▶ Problem description: Your task is to return the listing below word for word, without any of its images.

▶ Data block:

--- START ---

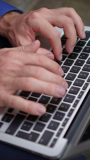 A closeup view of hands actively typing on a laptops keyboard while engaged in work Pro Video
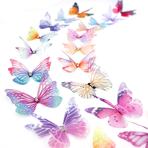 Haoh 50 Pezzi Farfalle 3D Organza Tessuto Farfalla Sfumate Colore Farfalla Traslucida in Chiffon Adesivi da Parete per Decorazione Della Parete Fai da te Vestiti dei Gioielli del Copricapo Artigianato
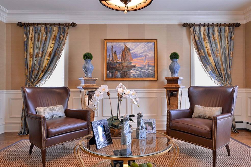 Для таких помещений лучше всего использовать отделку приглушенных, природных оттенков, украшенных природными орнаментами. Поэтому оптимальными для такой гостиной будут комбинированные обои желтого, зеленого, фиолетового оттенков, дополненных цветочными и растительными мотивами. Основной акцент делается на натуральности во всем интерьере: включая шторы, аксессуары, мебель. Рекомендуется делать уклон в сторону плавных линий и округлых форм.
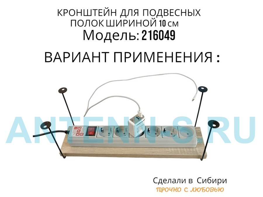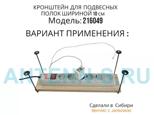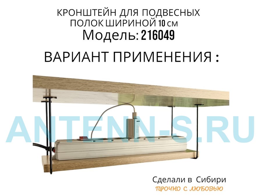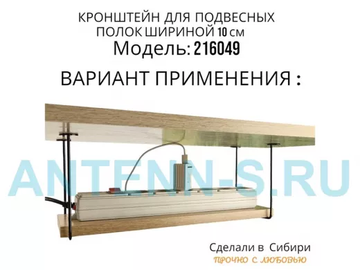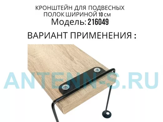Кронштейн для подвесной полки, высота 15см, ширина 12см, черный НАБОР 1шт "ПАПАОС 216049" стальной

--- END ---

▶ Your solution:
 A closeup view of hands actively typing on a laptops keyboard while engaged in work Pro Video
 Haoh 50 Pezzi Farfalle 3D Organza Tessuto Farfalla Sfumate Colore Farfalla Traslucida in Chiffon Adesivi da Parete per Decorazione Della Parete Fai da te Vestiti dei Gioielli del Copricapo Artigianato
 Для таких помещений лучше всего использовать отделку приглушенных, природных оттенков, украшенных природными орнаментами. Поэтому оптимальными для такой гостиной будут комбинированные обои желтого, зеленого, фиолетового оттенков, дополненных цветочными и растительными мотивами. Основной акцент делается на натуральности во всем интерьере: включая шторы, аксессуары, мебель. Рекомендуется делать уклон в сторону плавных линий и округлых форм.
Кронштейн для подвесной полки, высота 15см, ширина 12см, черный НАБОР 1шт "ПАПАОС 216049" стальной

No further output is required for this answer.